- **What you need to do**
From the material below, copy exactly the lines beginning with the one that contains "3LDK~3LDK+WIC+Loft+カースペース | ||" and ending with the one that contains "Um artista que"; the pictures stay out.

- **Information provided**
* * *

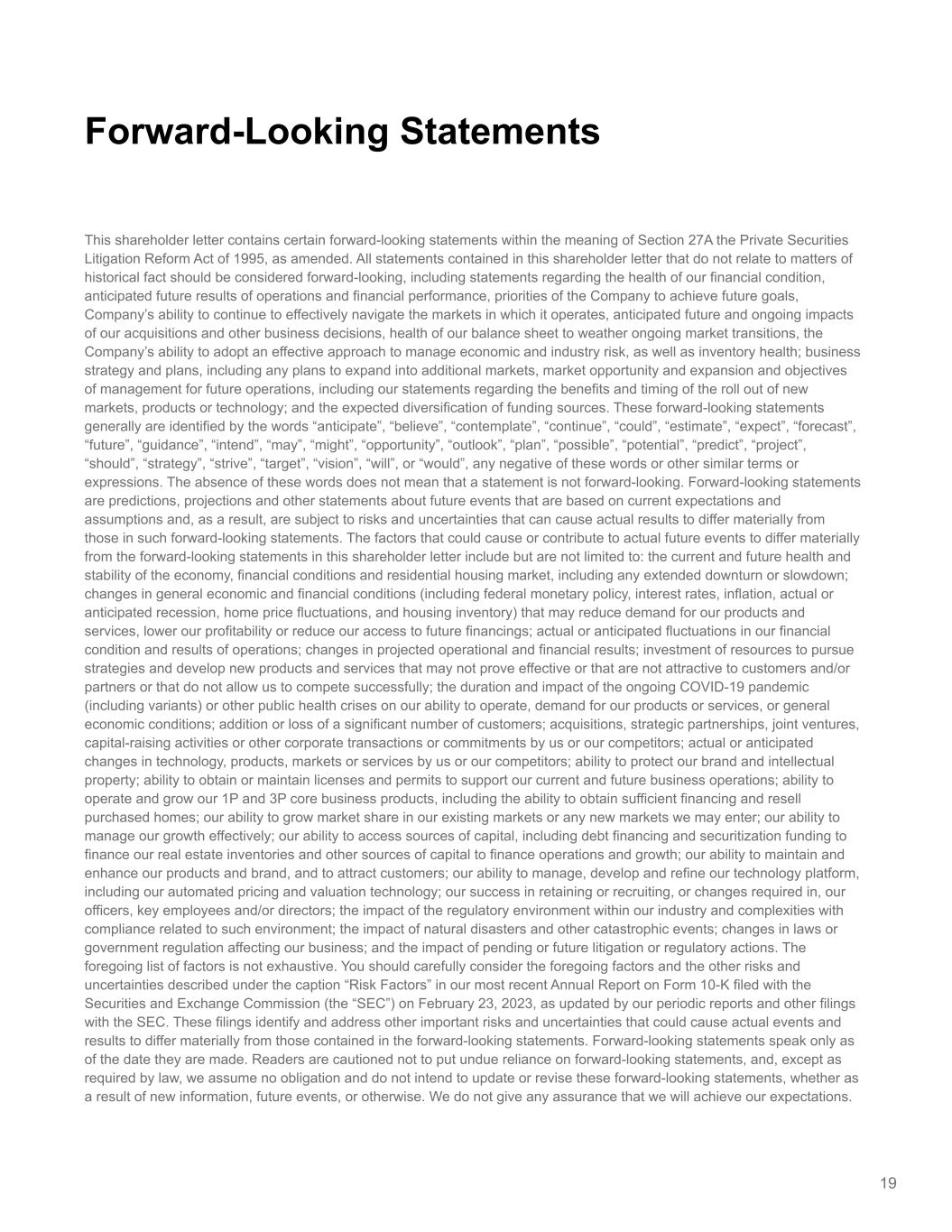 This shareholder letter contains certain forward-looking statements within the meaning of Section 27A the Private Securities Litigation Reform Act of 1995, as amended. All statements contained in this shareholder letter that do not relate to matters of historical fact should be considered forward-looking, including statements regarding the health of our financial condition, anticipated future results of operations and financial performance, priorities of the Company to achieve future goals, Company’s ability to continue to effectively navigate the markets in which it operates, anticipated future and ongoing impacts of our acquisitions and other business decisions, health of our balance sheet to weather ongoing market transitions, the Company’s ability to adopt an effective approach to manage economic and industry risk, as well as inventory health; business strategy and plans, including any plans to expand into additional markets, market opportunity and expansion and objectives of management for future operations, including our statements regarding the benefits and timing of the roll out of new markets, products or technology; and the expected diversification of funding sources. These forward-looking statements generally are identified by the words “anticipate”, “believe”, “contemplate”, “continue”, “could”, “estimate”, “expect”, “forecast”, “future”, “guidance”, “intend”, “may”, “might”, “opportunity”, “outlook”, “plan”, “possible”, “potential”, “predict”, “project”, “should”, “strategy”, “strive”, “target”, “vision”, “will”, or “would”, any negative of these words or other similar terms or expressions. The absence of these words does not mean that a statement is not forward-looking. Forward-looking statements are predictions, projections and other statements about future events that are based on current expectations and assumptions and, as a result, are subject to risks and uncertainties that can cause actual results to differ materially from those in such forward-looking statements. The factors that could cause or contribute to actual future events to differ materially from the forward-looking statements in this shareholder letter include but are not limited to: the current and future health and stability of the economy, financial conditions and residential housing market, including any extended downturn or slowdown; changes in general economic and financial conditions (including federal monetary policy, interest rates, inflation, actual or anticipated recession, home price fluctuations, and housing inventory) that may reduce demand for our products and services, lower our profitability or reduce our access to future financings; actual or anticipated fluctuations in our financial condition and results of operations; changes in projected operational and financial results; investment of resources to pursue strategies and develop new products and services that may not prove effective or that are not attractive to customers and/or partners or that do not allow us to compete successfully; the duration and impact of the ongoing COVID-19 pandemic (including variants) or other public health crises on our ability to operate, demand for our products or services, or general economic conditions; addition or loss of a significant number of customers; acquisitions, strategic partnerships, joint ventures, capital-raising activities or other corporate transactions or commitments by us or our competitors; actual or anticipated changes in technology, products, markets or services by us or our competitors; ability to protect our brand and intellectual property; ability to obtain or maintain licenses and permits to support our current and future business operations; ability to operate and grow our 1P and 3P core business products, including the ability to obtain sufficient financing and resell purchased homes; our ability to grow market share in our existing markets or any new markets we may enter; our ability to manage our growth effectively; our ability to access sources of capital, including debt financing and securitization funding to finance our real estate inventories and other sources of capital to finance operations and growth; our ability to maintain and enhance our products and brand, and to attract customers; our ability to manage, develop and refine our technology platform, including our automated pricing and valuation technology; our success in retaining or recruiting, or changes required in, our officers, key employees and/or directors; the impact of the regulatory environment within our industry and complexities with compliance related to such environment; the impact of natural disasters and other catastrophic events; changes in laws or government regulation affecting our business; and the impact of pending or future litigation or regulatory actions. The foregoing list of factors is not exhaustive. You should carefully consider the foregoing factors and the other risks and uncertainties described under the caption “Risk Factors” in our most recent Annual Report on Form 10-K filed with the Securities and Exchange Commission (the “SEC”) on February 23, 2023, as updated by our periodic reports and other filings with the SEC. These filings identify and address other important risks and uncertainties that could cause actual events and results to differ materially from those contained in the forward-looking statements. Forward-looking statements speak only as of the date they are made. Readers are cautioned not to put undue reliance on forward-looking statements, and, except as required by law, we assume no obligation and do not intend to update or revise these forward-looking statements, whether as a result of new information, future events, or otherwise. We do not give any assurance that we will achieve our expectations. 19 Forward-Looking Statements
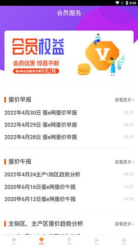 2、切换到【会员】页面后,用户可以享受专属的会员权益,如蛋价早午报、蛋价趋势分析等。
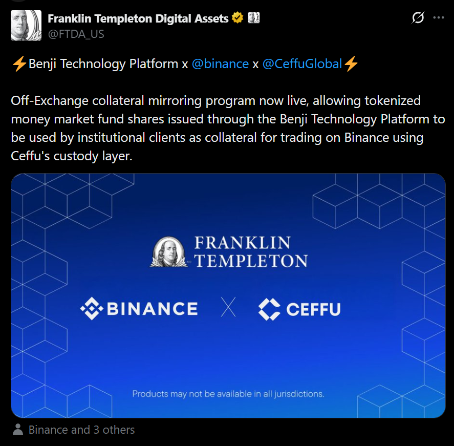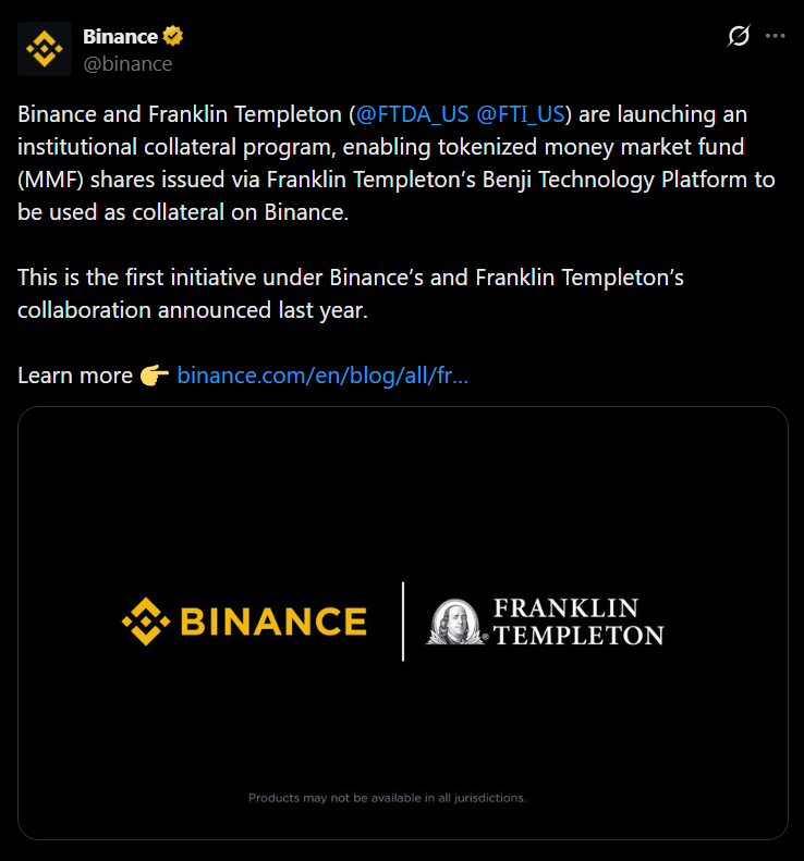 Binance and asset manager Franklin Templeton have officially launched their first joint product targeting institutional investors. The partnership, in development since September 2025, introduces an off-exchange collateral framework that allows institutions to use tokenized money market fund shares as trading collateral on Binance.
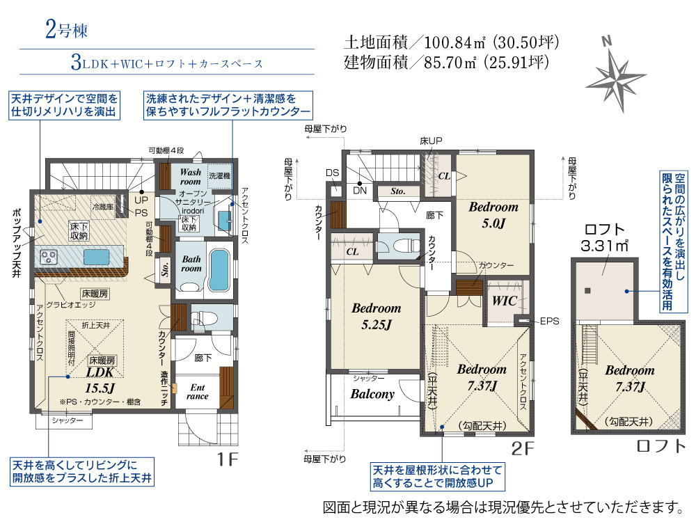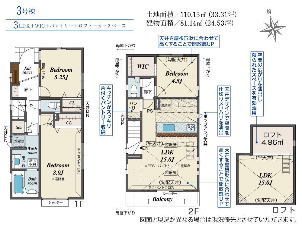 | 間取 | 3LDK~3LDK+WIC+Loft+カースペース | ||
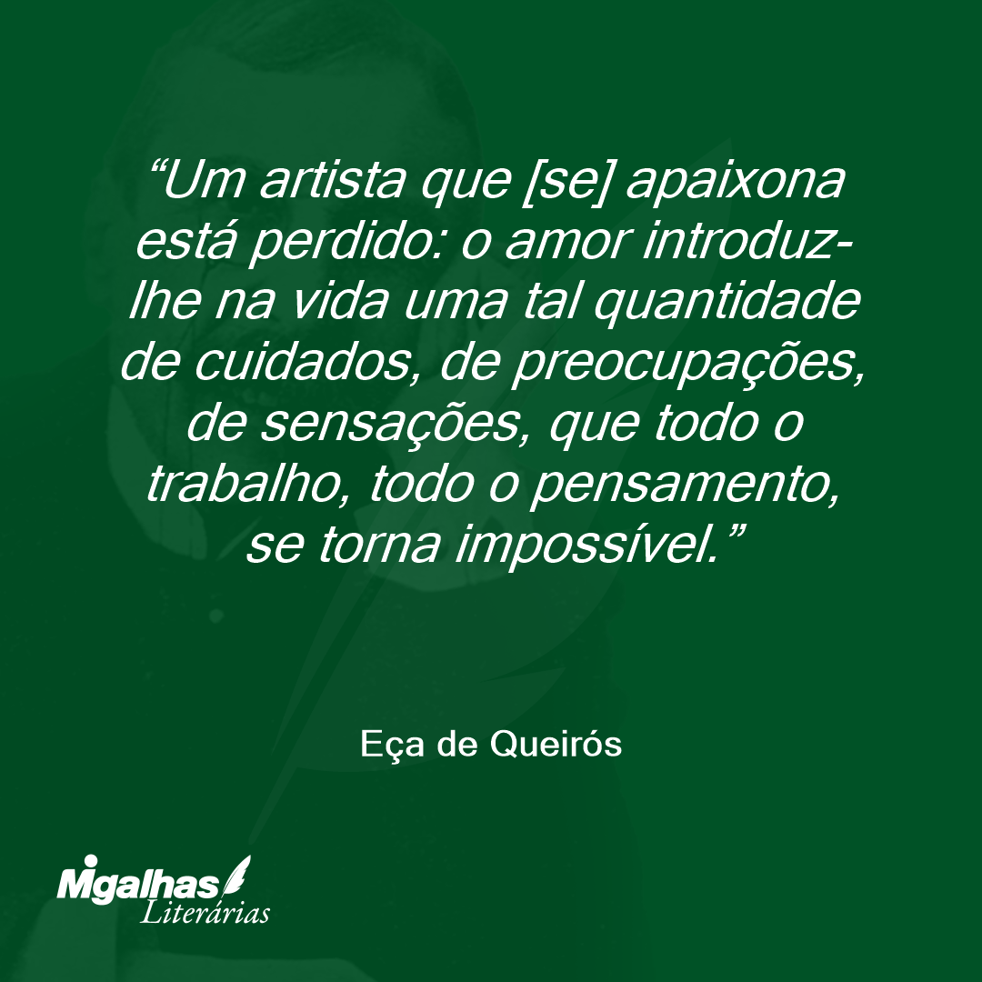 Um artista que [se] apaixona está perdido: o amor introduz-lhe na vida uma tal quantidade de cuidados, de preocupações, de sensações, que todo o trabalho, todo o pensamento, se torna impossível.
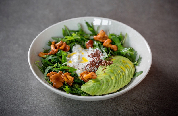 Любой боул — это конструктор с бесчисленным количеством вариантов. В современном ресторанном мире боулы автоматически ассоциируются с ЗОЖ, продукты должны быть составлены так, чтобы никакого вреда от такого питания не было по определению. В ресторане 800°C Contemporary Steak боул собирают из обязательного в этом жанре авокадо, целебных во всех смыслах семян льна, сливочного сыра и совершенно неожиданных лисичек. Впрочем, в концепцию блюда они вписались как влитые: авокадо отвечает за полезный жир, семена — углеводы, грибы — в чистом виде белок, в сумме — мир, дружба, баланс и одно из немногих вегетарианских блюд в ресторане со стейками.
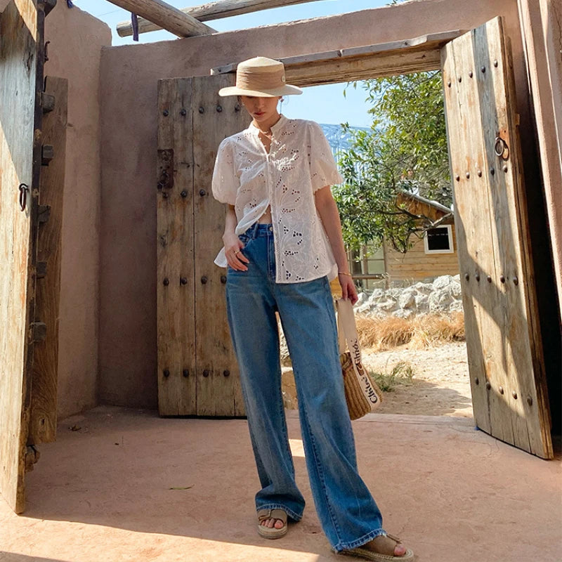 Crafted from soft, breathable cotton, this blouse features intricate embroidery and delicate hollow-out detailing, adding a touch of sophistication to your ensemble. The short sleeves and relaxed fit ensure comfort and style throughout the day.
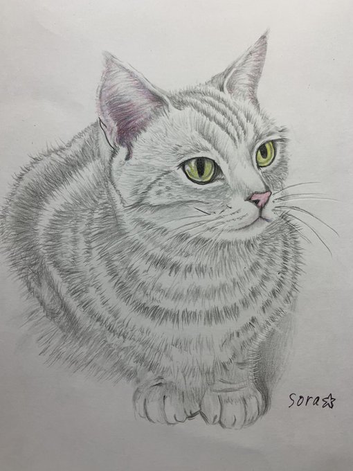 イロドリアルさんの色鉛筆画上達ドリル動物編よりスコティッシュフォールドを描きました。今回もかなり手こずりましたが何とか描きあげました😅💦 初めて背景を塗ってみました。ムラのないように頑張りました!! #イロドリアル #色鉛筆画上達ドリル動物編 #スコティッシュフォールド
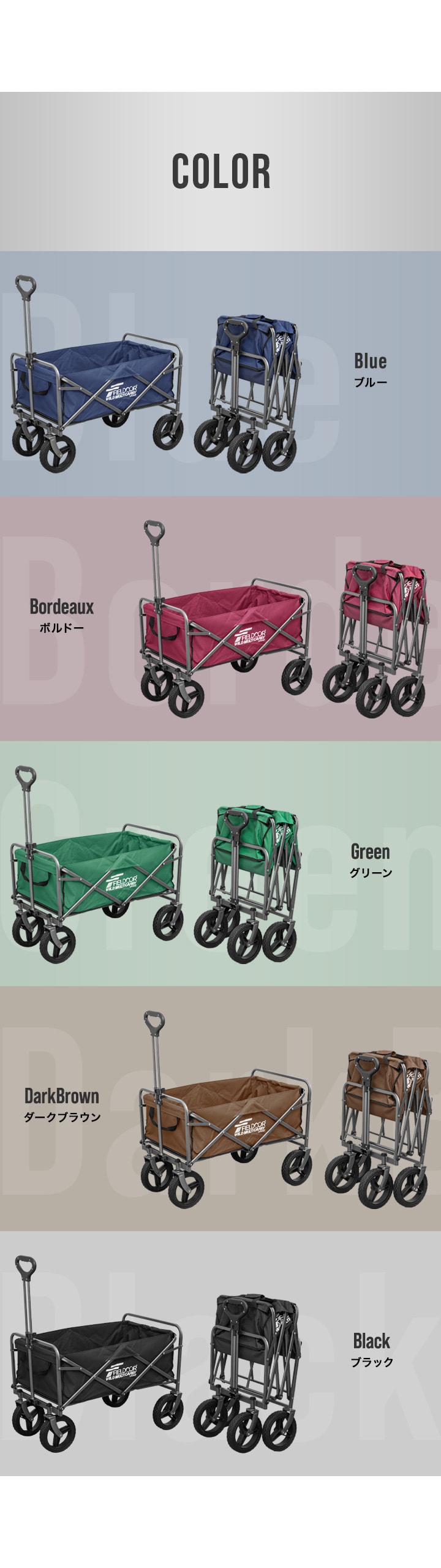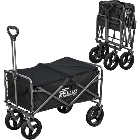 FIELDOOR アウトドアワゴン 94L (ブラック/本体&カバーセット) キャリーワゴン 大容 ワイルドマルチキャリー ライト 大径タイヤ 折りたたみ 耐荷重100kg キャリーカート アウトドア キャンプ カート 簡単 台車 アウトドアキャリー キャリーカート BBQ 荷物 運ぶ 送料無料
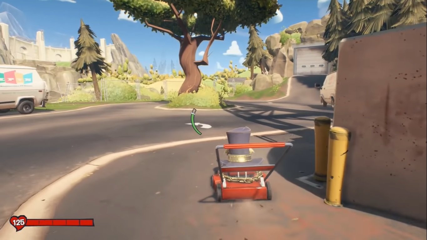 Now you need one of the players at the lawnmower, while the other player stays at the bounty box. The player with the lawnmower has to stay in the spot shown below. This is where the enemies spawn and are weak to the exploding lawnmower for the first couple of seconds.
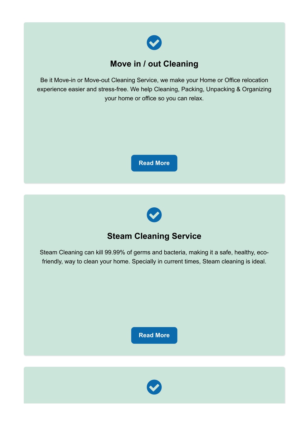 Move in / out Cleaning Be it Movein or Moveout Cleaning Service, we make your Home or Office relocation experience easier and stressfree. We help Cleaning, Packing, Unpacking & Organizing your home or office so you can relax. Read More Steam Cleaning Service Steam Cleaning can kill 99.99% of germs and bacteria, making it a safe, healthy, eco friendly, way to clean your home. Specially in current times, Steam cleaning is ideal. Read More
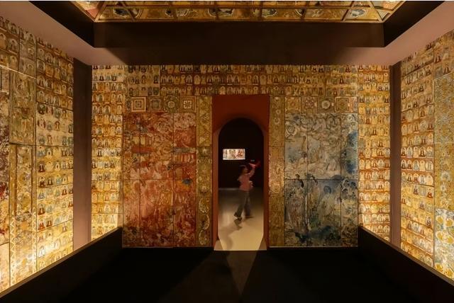 展览中,敦煌莫高窟第328窟官方等比例复制窟首次入赣展出,《丝路传奇·青花大盘》震撼亮相,上千块景德镇陶瓷搭建的高温颜色釉瓷窟装置,将飞天、九色鹿、藻井等敦煌经典意象以瓷板画、雕塑等多元形式呈现,每一件作品都是自带氛围感的打卡点。更有流失海外的敦煌壁画临摹作品集中展示,釉料窑变形成的流光溢彩与斑驳肌理,让千年敦煌艺术在瓷上获得永恒生命力。
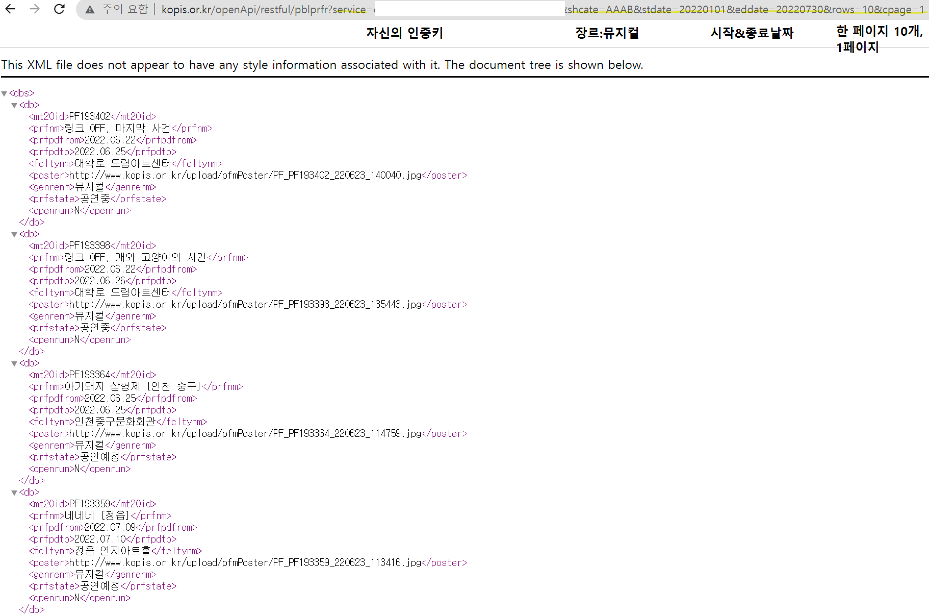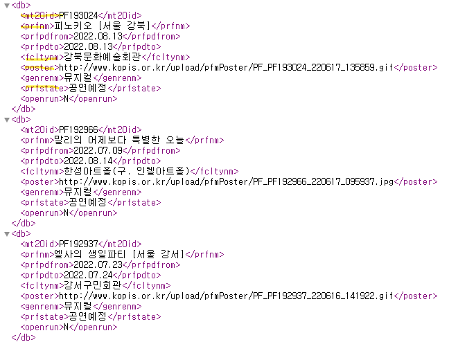 KOPIS API는 XML형식이라 파싱하는 것부터 애를 먹었다ㅠㅠ
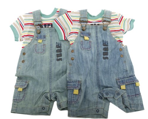 Baby Clothing Boys Surf Design Dungarees and Short Sleeve T-Shirt Top Set (12-18 Months) (Denim Blue)

* * *

- **Solution**
 | 間取 | 3LDK~3LDK+WIC+Loft+カースペース | ||
 Um artista que [se] apaixona está perdido: o amor introduz-lhe na vida uma tal quantidade de cuidados, de preocupações, de sensações, que todo o trabalho, todo o pensamento, se torna impossível.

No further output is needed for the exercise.